Aim of the task | Repeat every line of the data exactly, but not the pictures.

Data segment |
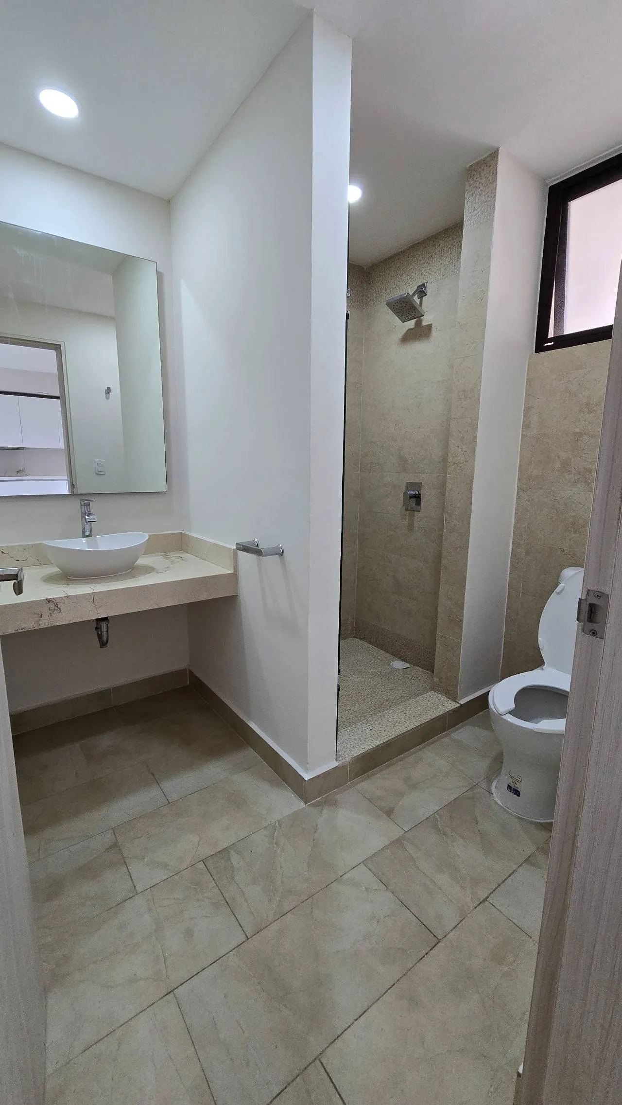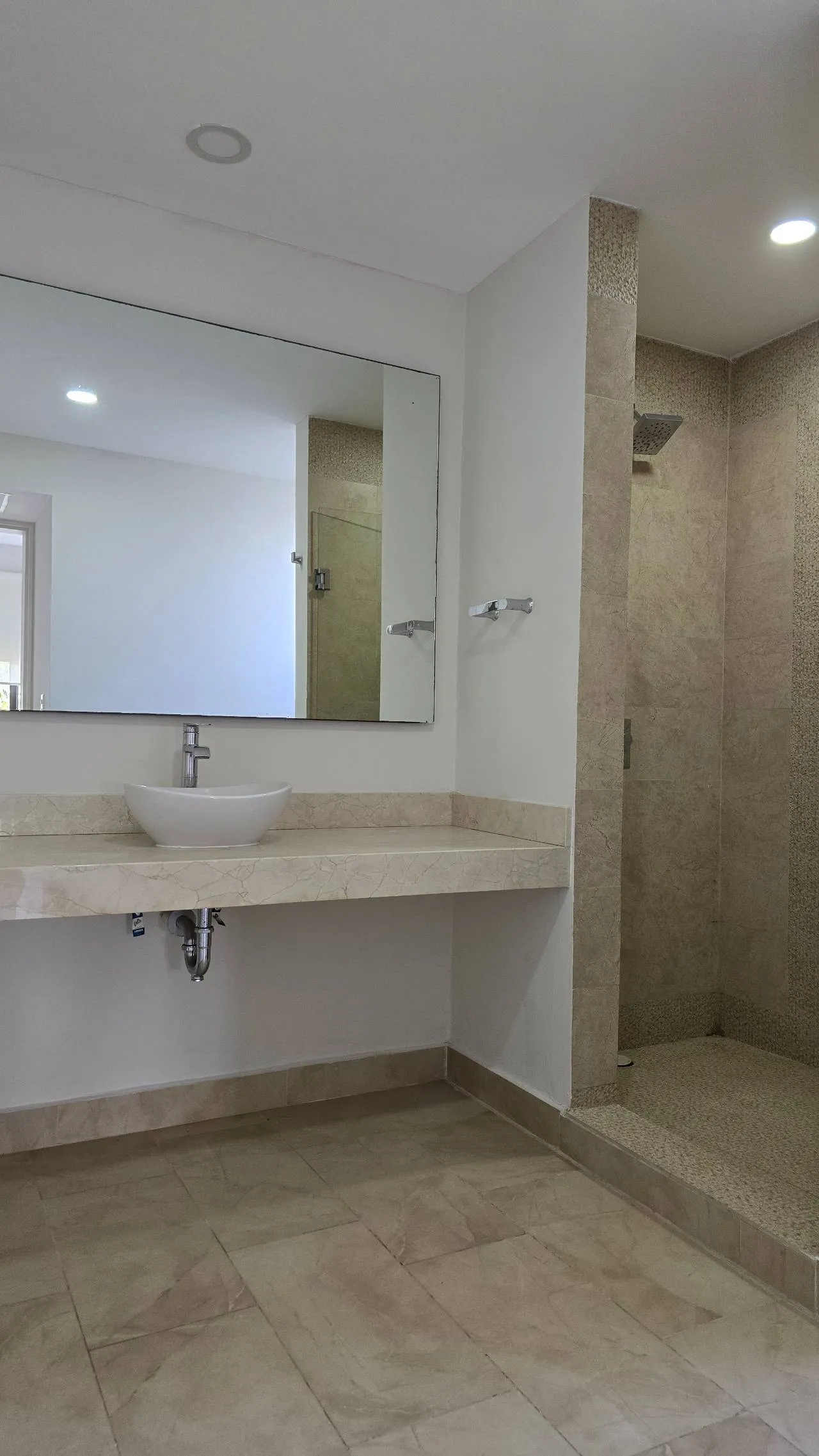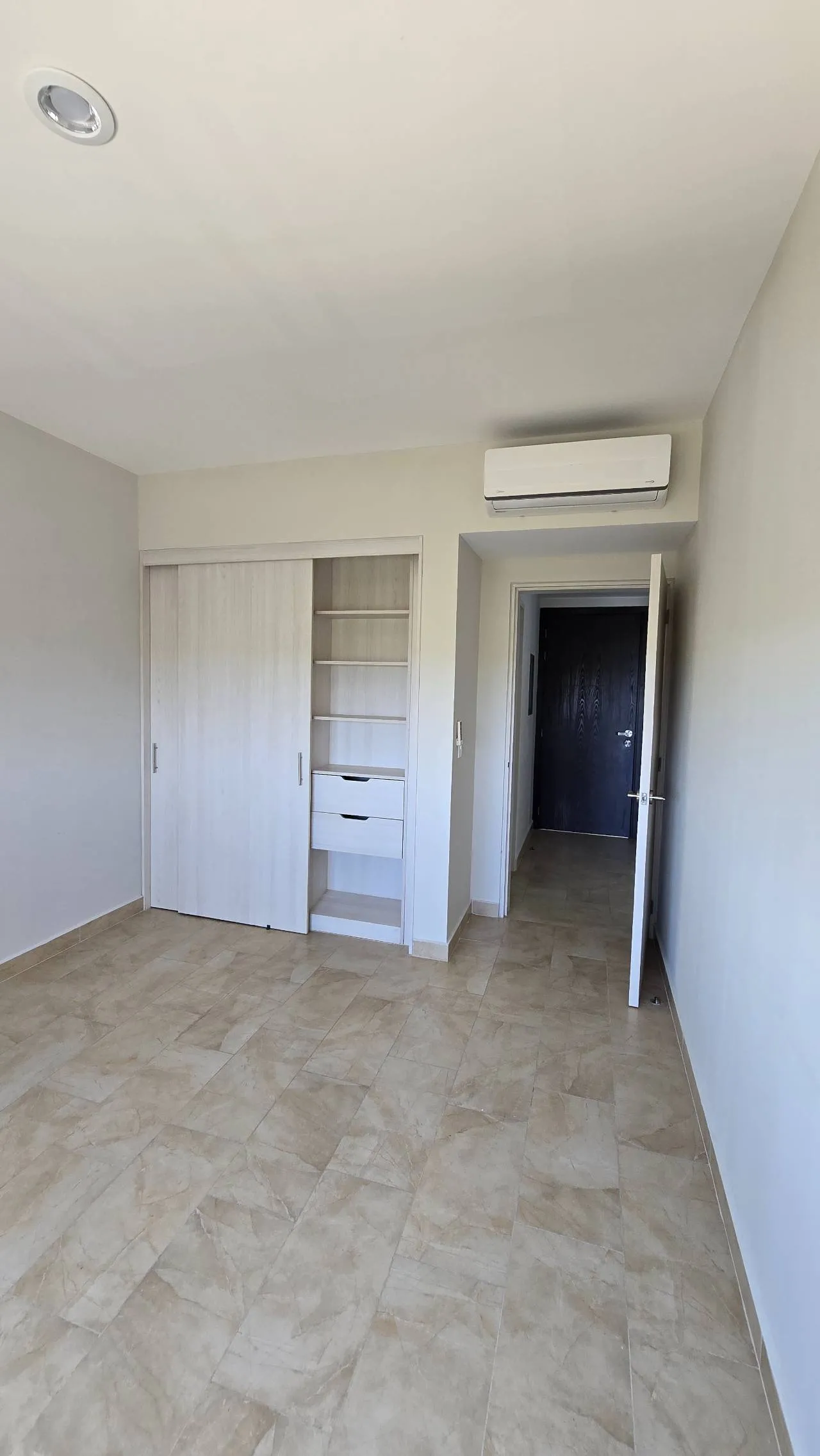 This apartment offers 2 bedrooms with closets, 2 full bathrooms, a kitchen equipped with a stove, range hood and electric oven, a spacious living-dining room, a terrace, a laundry area, an electric water heater, inverter air conditioners (low consumption), blinds and mosquito nets on all windows.
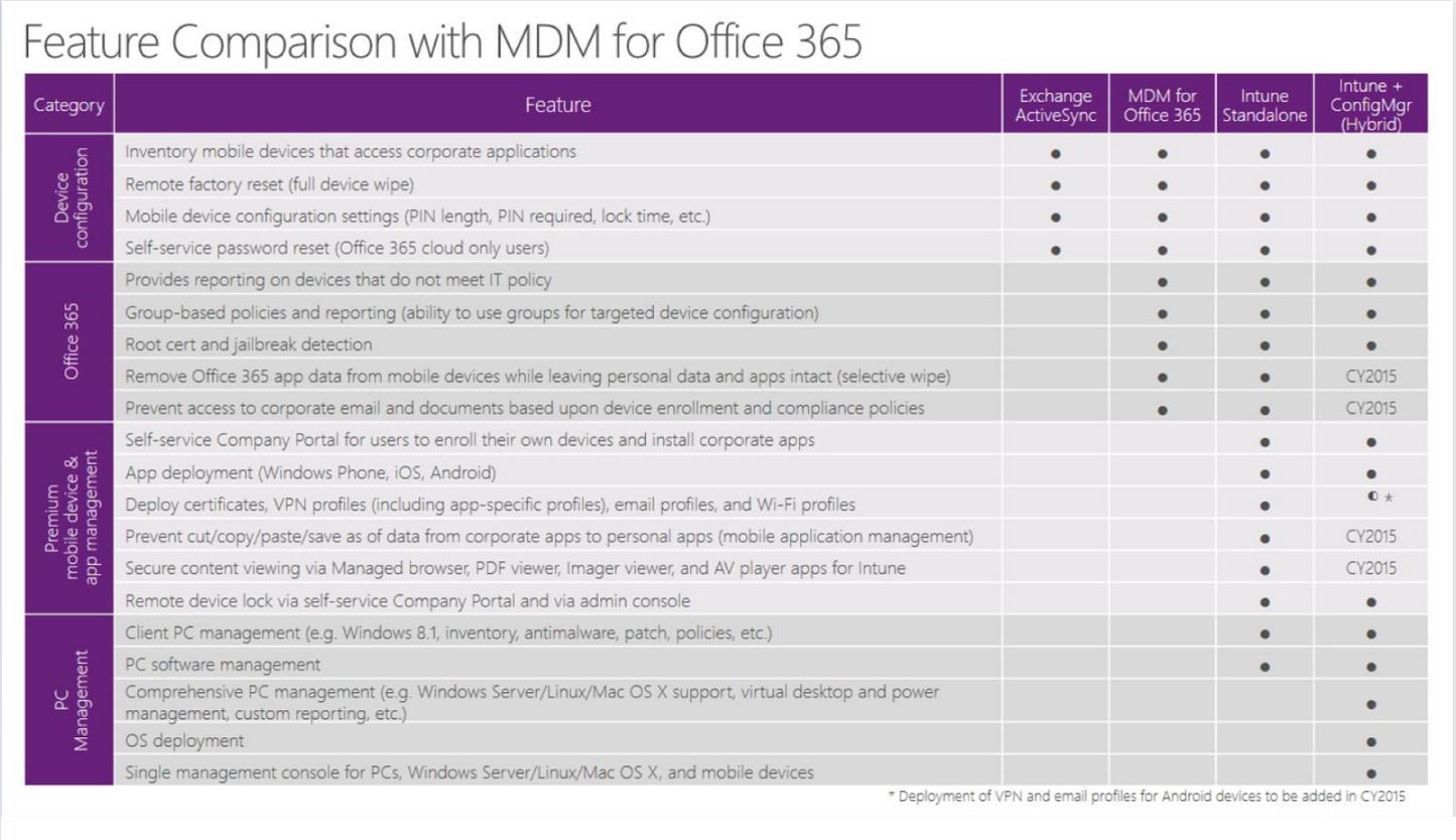 从上图几个管理接口的功能对比来看,ActiveSync,MDM for Office365,Intune Standalone以及Intune+ConfigMgr(Hybrid)之间还是有很大差别的。您可以根据实际需要选择对应的解决方案。
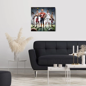 L'orologio da parete con motivo sportivo è un'ottima scelta per gli amanti dell'attività fisica e della competizione sportiva. La composizione dinamica che raffigura un gruppo di atleti sullo sfondo di uno stadio illuminato cattura lo spirito di squadra, la passione e la determinazione insiti in ogni sport. Questo orologio unico non solo misura il tempo, ma ispira anche l'azione e il raggiungimento di ulteriori successi.
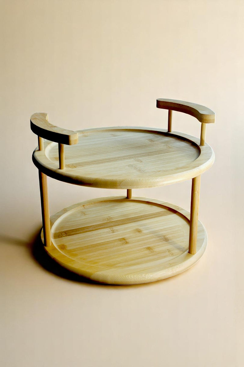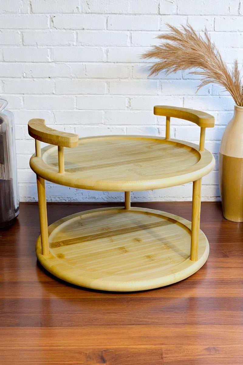 2 katlı 360 Derece Dönebilen Bambu Sunumluk 25CM KW-512

Solved problem |
 This apartment offers 2 bedrooms with closets, 2 full bathrooms, a kitchen equipped with a stove, range hood and electric oven, a spacious living-dining room, a terrace, a laundry area, an electric water heater, inverter air conditioners (low consumption), blinds and mosquito nets on all windows.
 从上图几个管理接口的功能对比来看,ActiveSync,MDM for Office365,Intune Standalone以及Intune+ConfigMgr(Hybrid)之间还是有很大差别的。您可以根据实际需要选择对应的解决方案。
 L'orologio da parete con motivo sportivo è un'ottima scelta per gli amanti dell'attività fisica e della competizione sportiva. La composizione dinamica che raffigura un gruppo di atleti sullo sfondo di uno stadio illuminato cattura lo spirito di squadra, la passione e la determinazione insiti in ogni sport. Questo orologio unico non solo misura il tempo, ma ispira anche l'azione e il raggiungimento di ulteriori successi.
 2 katlı 360 Derece Dönebilen Bambu Sunumluk 25CM KW-512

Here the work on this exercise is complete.